Overview

Given N cards, the problem asks to determine whether there exists a way to select 2 or more cards such that the product of the front-side numbers equals the product of the back-side numbers, and if so, find the minimum number of cards.

Analysis

Since the constraint is \(N \leq 22\), which is relatively small, we can consider examining all combinations (subsets) of cards. The front and back numbers of each card are at most 100, and the product can become extremely large — even selecting all 22 cards could yield an astronomically large value of \(100^{22}\). However, due to the nature of the problem, we need to directly compare whether the products of the front and back sides are equal.

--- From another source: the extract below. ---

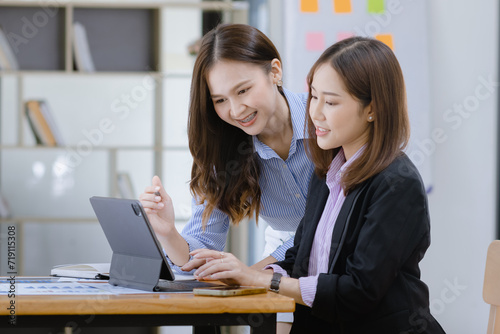 Happy two asian businesswoman working with tablet in meeting room, Businesswoman standing and talking about ideas in office workplace.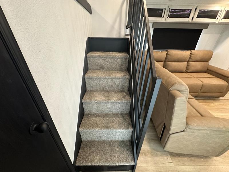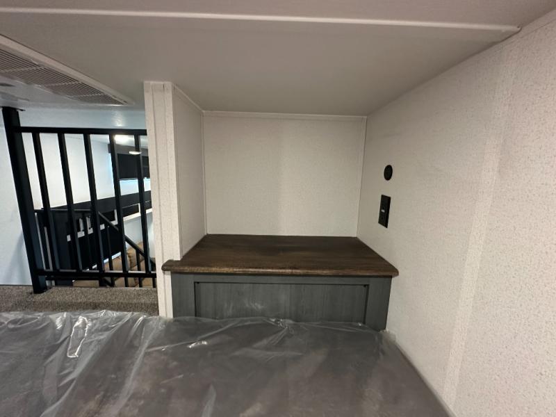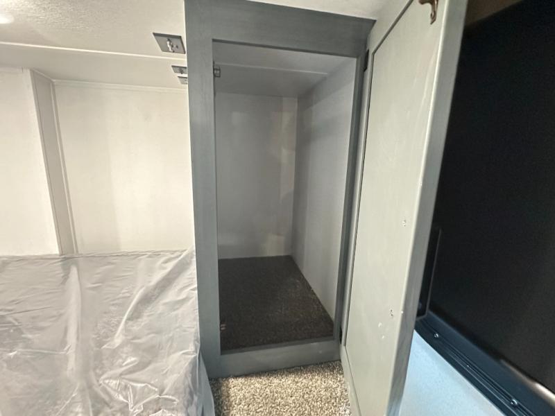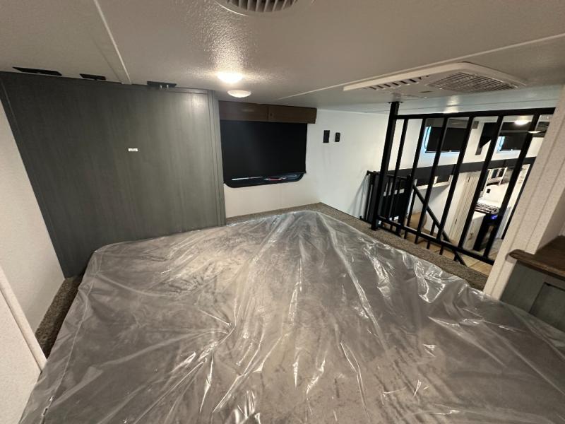 • One large loft above the front bedroom with two 32?×80? bunk mats, cabinets/cubby storage, etc.

A straightforward approach is to examine all subsets (\(2^N - 1\) possibilities) and check whether the product of the front sides equals the product of the back sides. For N=22, the number of subsets is approximately 4.2 million, which is well within the range that modern computers can handle.

Algorithm

We adopt a brute-force algorithm using bitmasks. Specifically:

1. Generate all bitmasks from 0 to \(2^N - 1\) (each bit represents the selection state of a card)
2. For each bitmask, count the number of selected cards (skip if fewer than 2)
3. Calculate the product of the front-side numbers and the product of the back-side numbers for the selected cards
4. If both products are equal and the number of cards is smaller than the current minimum, update the minimum
5. After examining all combinations, output the minimum number of cards if a valid combination exists, otherwise output -1

Complexity

• Time complexity: \(O(2^N \cdot N)\)
  • There are \(2^N\) subsets
  • For each subset, we check N bits and compute the products
• Space complexity: \(O(N)\)
  • Only memory for storing card information is used

Implementation Notes

• Each bit of the bitmask corresponds to the selection state of a card (1< selects the i-th card)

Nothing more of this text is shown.